The postponement comes on the heel of Chinese authorities’ response to the issue on Thursday, Aug.3. Chinese Commerce Ministry Spokesperson Gao Feng denied the allegations that Chinese authorities have not done enough to protect intellectual property, reiterating that all disputes should be solved under the supervision of the World Trade Organization (WTO).
Though the reason for the postponement remains unclear, many experts have expressed concern over Trump’s consideration of using section 301 of the Trade Act of 1974—a trade weapon that put a dent in Japanese steel and other imports in the 1980s—to tackle China’s growing economic power.

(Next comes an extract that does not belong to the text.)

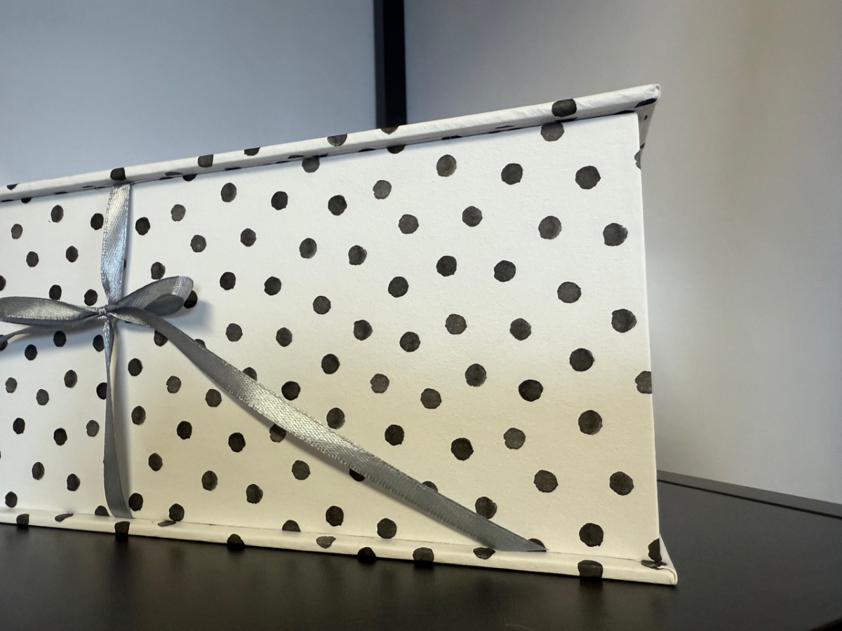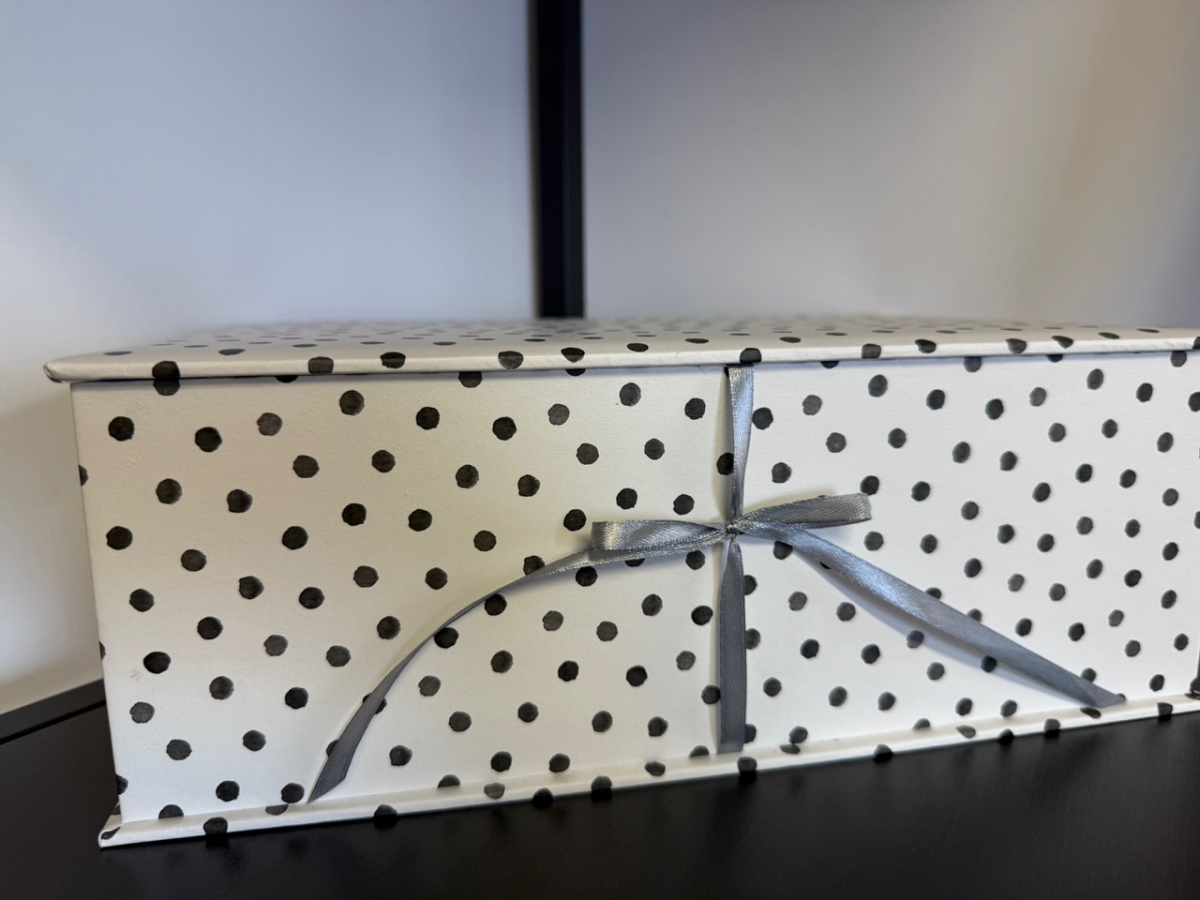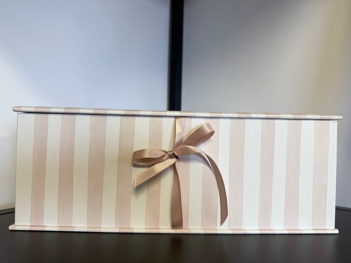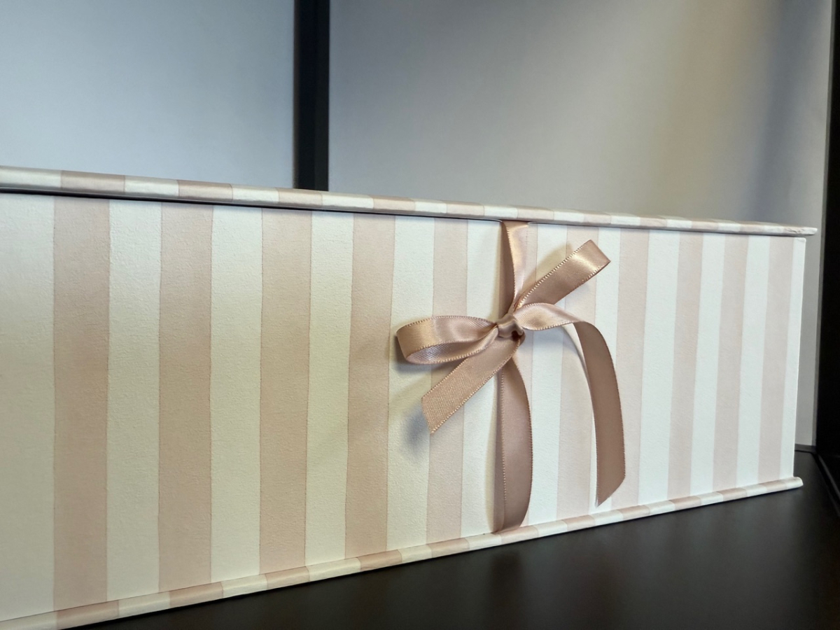 Lāde ir ar rokām darināta no kvalitatīva, stingra kartona un apvilkta ar rūpīgi atlasītiem dizaina materiāliem.. Pārdomātais dizains un iespēju lādi personalizēt ar vārdu, datumu vai īpašu vēstījumu, padarot to personisku.

“Section 301 is a rarity since the WTO was initiated in 1995, but many Trump administration officials have expressed discontent with the organization. Lighthizer, for instance, might support Trump targeting China. When he served as deputy U.S. trade representative in the 1980s, section 301 was used extensively to deal a blow to Japanese trade,” said Zhang Chenling, a Beijing-based expert in international relations.
Section 301, if initiated, will allow Trump to unilaterally take all “appropriate” actions, including retaliation, to obtain the removal of any act or practice of the Chinese government that is deemed “unfair.”